Start of Data records

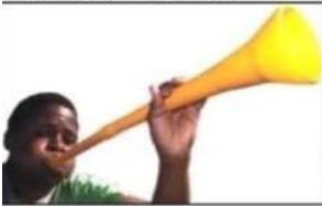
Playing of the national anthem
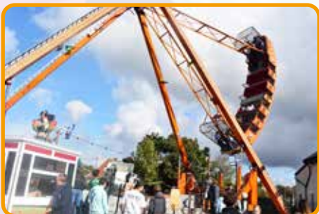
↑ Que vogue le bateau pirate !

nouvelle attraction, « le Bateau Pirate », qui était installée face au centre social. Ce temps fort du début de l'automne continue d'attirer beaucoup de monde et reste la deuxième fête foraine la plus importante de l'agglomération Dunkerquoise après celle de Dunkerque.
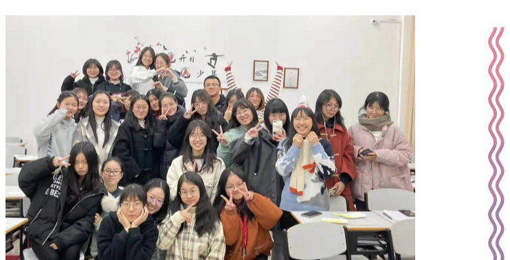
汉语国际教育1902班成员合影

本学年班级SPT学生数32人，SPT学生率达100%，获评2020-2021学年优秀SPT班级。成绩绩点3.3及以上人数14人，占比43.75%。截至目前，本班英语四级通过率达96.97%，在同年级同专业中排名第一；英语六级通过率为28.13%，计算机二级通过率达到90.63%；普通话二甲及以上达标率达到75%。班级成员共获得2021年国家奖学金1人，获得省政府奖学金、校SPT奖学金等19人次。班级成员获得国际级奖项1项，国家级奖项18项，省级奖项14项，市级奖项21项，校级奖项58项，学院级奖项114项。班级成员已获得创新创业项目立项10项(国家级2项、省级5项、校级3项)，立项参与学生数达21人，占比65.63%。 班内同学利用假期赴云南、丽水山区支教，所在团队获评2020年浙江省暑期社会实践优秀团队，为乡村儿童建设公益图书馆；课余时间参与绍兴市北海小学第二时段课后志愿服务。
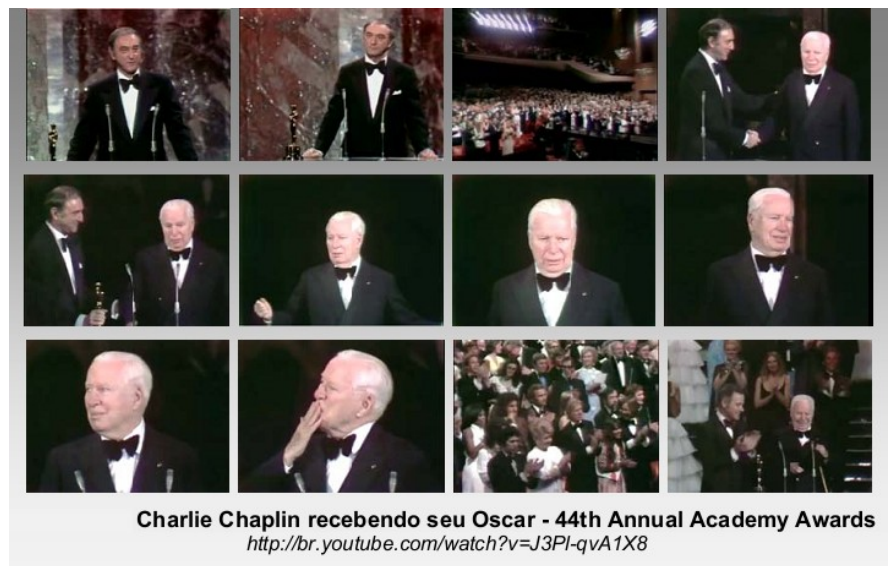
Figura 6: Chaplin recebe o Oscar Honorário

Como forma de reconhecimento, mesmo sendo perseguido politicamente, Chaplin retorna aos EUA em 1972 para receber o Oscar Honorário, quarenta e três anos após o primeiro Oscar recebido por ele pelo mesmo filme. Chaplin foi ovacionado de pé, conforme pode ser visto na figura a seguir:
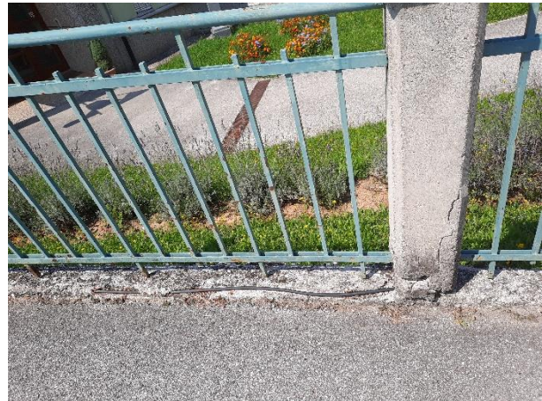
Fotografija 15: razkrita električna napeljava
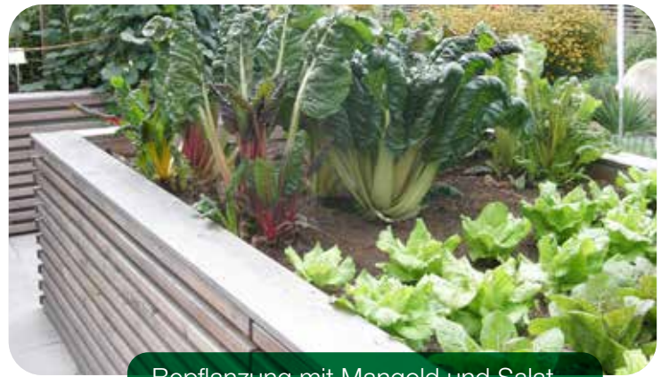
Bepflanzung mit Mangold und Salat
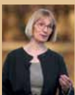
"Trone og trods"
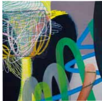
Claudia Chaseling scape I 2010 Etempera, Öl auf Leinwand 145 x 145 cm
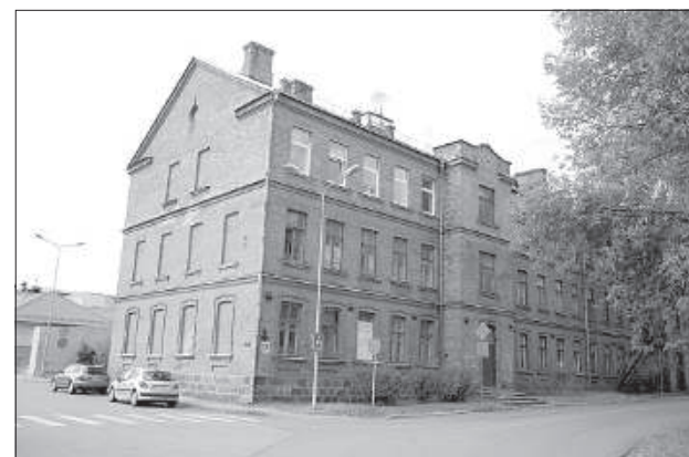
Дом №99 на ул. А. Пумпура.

End of Data records

-- Task goal --
Would you filter the records and copy out each line containing "Oscar"?

-- Solved problem --
Figura 6: Chaplin recebe o Oscar Honorário
Como forma de reconhecimento, mesmo sendo perseguido politicamente, Chaplin retorna aos EUA em 1972 para receber o Oscar Honorário, quarenta e três anos após o primeiro Oscar recebido por ele pelo mesmo filme. Chaplin foi ovacionado de pé, conforme pode ser visto na figura a seguir:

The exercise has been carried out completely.